The next steps for this investigation will be to conduct the same methodology with the data from the second half of 2022 and incorporate a greater number of counting sites from other cities in North America. Furthermore, more advanced modeling settings (general additive and dynamic ARIMA regression models) will be tested to account for serial autocorrelation.
Footnotes
Acknowledgements
The authors thank Eco-Counter for its support with the data access, as well for their help with the computational programming and analysis of this research.
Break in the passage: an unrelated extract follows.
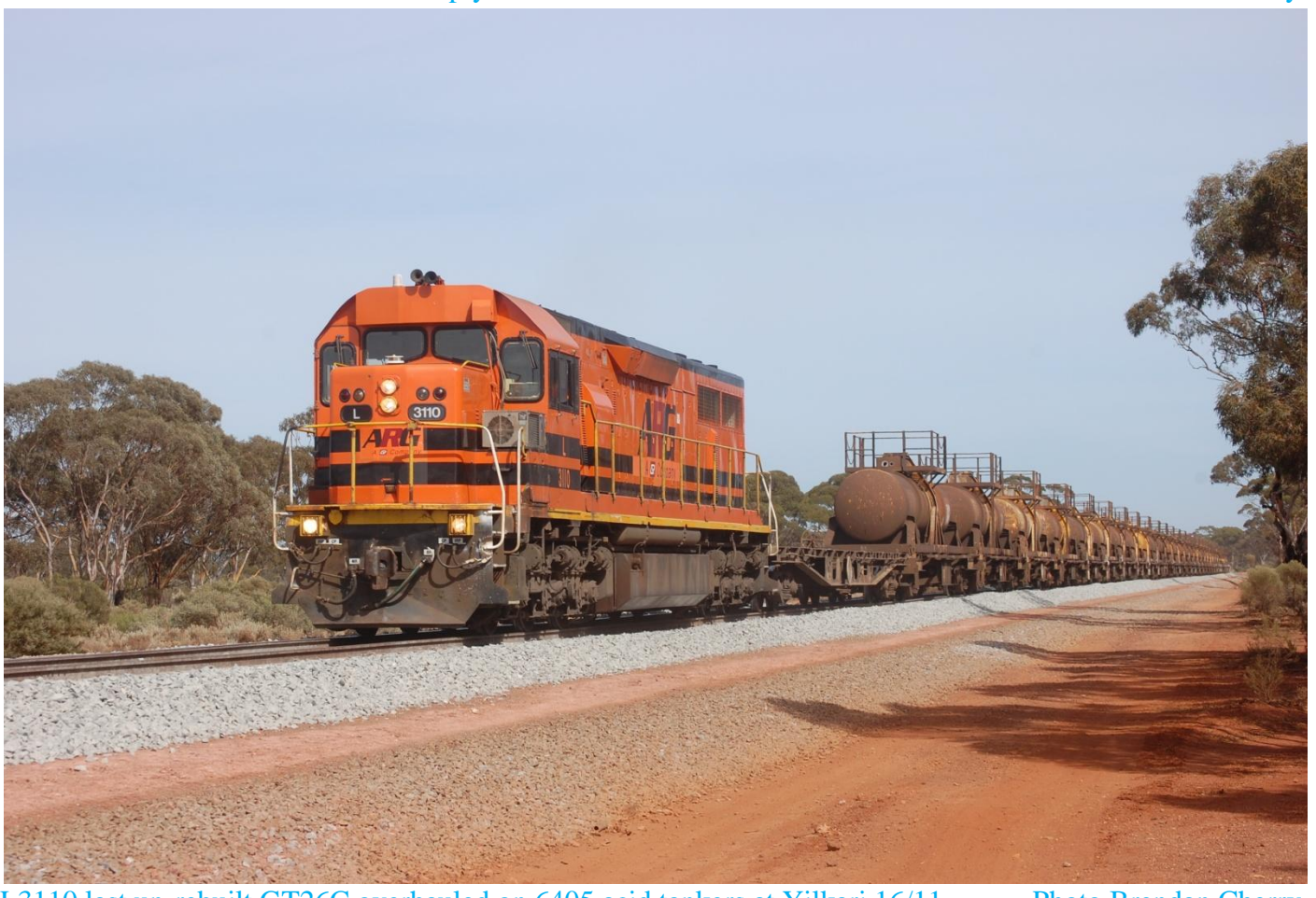
L3110 last un-rebuilt GT26C overhauled on 6405 acid tankers at Yilkari 16/11.

We are grateful to Mitacs for their financial support.
Author Contributions
The authors confirm contribution to the paper as follows: study conception and design: D. Beitel, L. F. Miranda Moreno, V. T. Van-Nguyen; data collection: E. Adame Valenzuela, P. Barban; analysis and interpretation of results: E. Adame Valenzuela, P. Barban, D. Beitel, L. F. Miranda Moreno; draft manuscript preparation: E. Adame Valenzuela, D. Beitel, L. F. Miranda Moreno. All authors reviewed the results and approved the final version of the manuscript.
Declaration of Conflicting Interests
The authors declared no potential conflicts of interest with respect to the research, authorship, and/or publication of this article.
Funding
The authors disclosed receipt of the following financial support for the research, authorship, and/or publication of this article: The collaboration between McGill University and Eco-Counter that led to this article was funded by the Mitacs Accelerate program (Project Identification Number: IT15067).
Data Accessibility Statement
The cyclist counts data used for this study are the property of the cities of New York, Montreal, Ottawa, and Vancouver. Any requests for the cycling counts data must be submitted to the corresponding city authorities or information portals. All the weather data were acquired from World Weather Online.